• WORK TASK: Write out all of the records precisely. Skip anything that is a picture.

(Data entries)

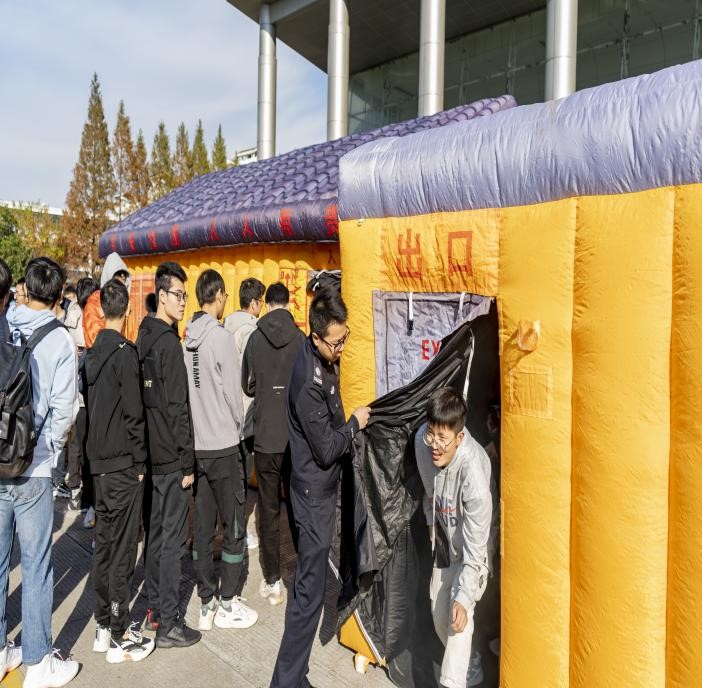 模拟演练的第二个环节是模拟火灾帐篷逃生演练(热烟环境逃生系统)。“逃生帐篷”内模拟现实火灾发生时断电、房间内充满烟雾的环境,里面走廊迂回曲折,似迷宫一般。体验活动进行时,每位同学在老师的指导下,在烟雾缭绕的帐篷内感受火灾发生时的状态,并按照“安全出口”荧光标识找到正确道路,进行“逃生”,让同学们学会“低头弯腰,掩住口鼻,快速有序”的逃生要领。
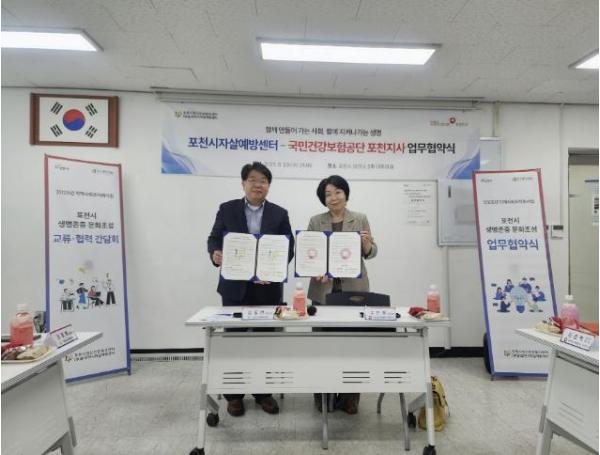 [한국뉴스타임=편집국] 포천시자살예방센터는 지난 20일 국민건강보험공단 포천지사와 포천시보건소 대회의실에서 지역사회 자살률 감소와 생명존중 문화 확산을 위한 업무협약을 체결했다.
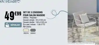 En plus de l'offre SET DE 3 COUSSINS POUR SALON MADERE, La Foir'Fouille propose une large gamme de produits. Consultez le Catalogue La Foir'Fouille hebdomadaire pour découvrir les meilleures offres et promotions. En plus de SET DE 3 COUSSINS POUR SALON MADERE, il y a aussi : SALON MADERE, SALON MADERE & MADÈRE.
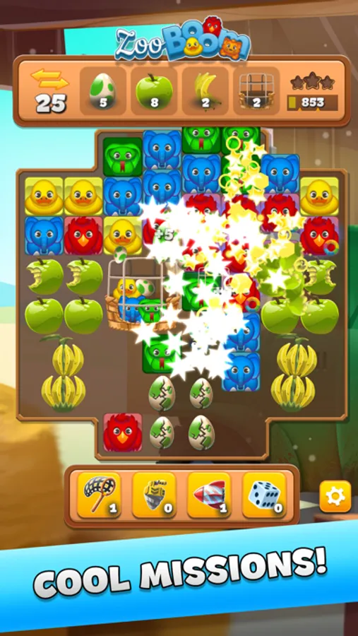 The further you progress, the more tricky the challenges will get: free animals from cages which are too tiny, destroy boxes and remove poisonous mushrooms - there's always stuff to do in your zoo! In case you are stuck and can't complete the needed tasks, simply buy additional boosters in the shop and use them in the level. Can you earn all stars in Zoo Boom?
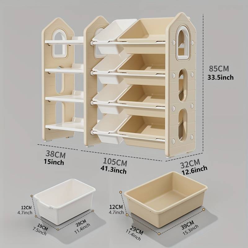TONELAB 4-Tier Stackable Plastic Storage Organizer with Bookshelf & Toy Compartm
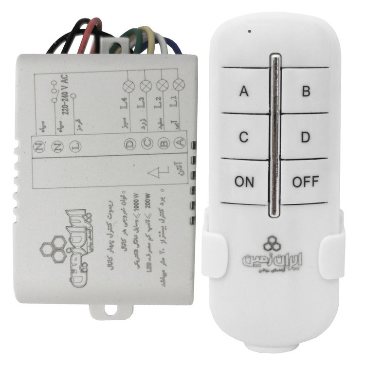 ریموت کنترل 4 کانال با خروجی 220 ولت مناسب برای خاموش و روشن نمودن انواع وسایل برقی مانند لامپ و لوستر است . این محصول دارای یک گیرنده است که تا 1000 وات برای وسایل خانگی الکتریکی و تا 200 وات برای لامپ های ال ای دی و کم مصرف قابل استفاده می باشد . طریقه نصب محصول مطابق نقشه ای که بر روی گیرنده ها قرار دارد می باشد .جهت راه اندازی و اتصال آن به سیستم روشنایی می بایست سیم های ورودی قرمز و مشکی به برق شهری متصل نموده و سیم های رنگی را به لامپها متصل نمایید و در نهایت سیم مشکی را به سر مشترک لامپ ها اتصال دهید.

• PROBLEM SOLUTION:
 模拟演练的第二个环节是模拟火灾帐篷逃生演练(热烟环境逃生系统)。“逃生帐篷”内模拟现实火灾发生时断电、房间内充满烟雾的环境,里面走廊迂回曲折,似迷宫一般。体验活动进行时,每位同学在老师的指导下,在烟雾缭绕的帐篷内感受火灾发生时的状态,并按照“安全出口”荧光标识找到正确道路,进行“逃生”,让同学们学会“低头弯腰,掩住口鼻,快速有序”的逃生要领。
 [한국뉴스타임=편집국] 포천시자살예방센터는 지난 20일 국민건강보험공단 포천지사와 포천시보건소 대회의실에서 지역사회 자살률 감소와 생명존중 문화 확산을 위한 업무협약을 체결했다.
 En plus de l'offre SET DE 3 COUSSINS POUR SALON MADERE, La Foir'Fouille propose une large gamme de produits. Consultez le Catalogue La Foir'Fouille hebdomadaire pour découvrir les meilleures offres et promotions. En plus de SET DE 3 COUSSINS POUR SALON MADERE, il y a aussi : SALON MADERE, SALON MADERE & MADÈRE.
 The further you progress, the more tricky the challenges will get: free animals from cages which are too tiny, destroy boxes and remove poisonous mushrooms - there's always stuff to do in your zoo! In case you are stuck and can't complete the needed tasks, simply buy additional boosters in the shop and use them in the level. Can you earn all stars in Zoo Boom?
TONELAB 4-Tier Stackable Plastic Storage Organizer with Bookshelf & Toy Compartm
 ریموت کنترل 4 کانال با خروجی 220 ولت مناسب برای خاموش و روشن نمودن انواع وسایل برقی مانند لامپ و لوستر است . این محصول دارای یک گیرنده است که تا 1000 وات برای وسایل خانگی الکتریکی و تا 200 وات برای لامپ های ال ای دی و کم مصرف قابل استفاده می باشد . طریقه نصب محصول مطابق نقشه ای که بر روی گیرنده ها قرار دارد می باشد .جهت راه اندازی و اتصال آن به سیستم روشنایی می بایست سیم های ورودی قرمز و مشکی به برق شهری متصل نموده و سیم های رنگی را به لامپها متصل نمایید و در نهایت سیم مشکی را به سر مشترک لامپ ها اتصال دهید.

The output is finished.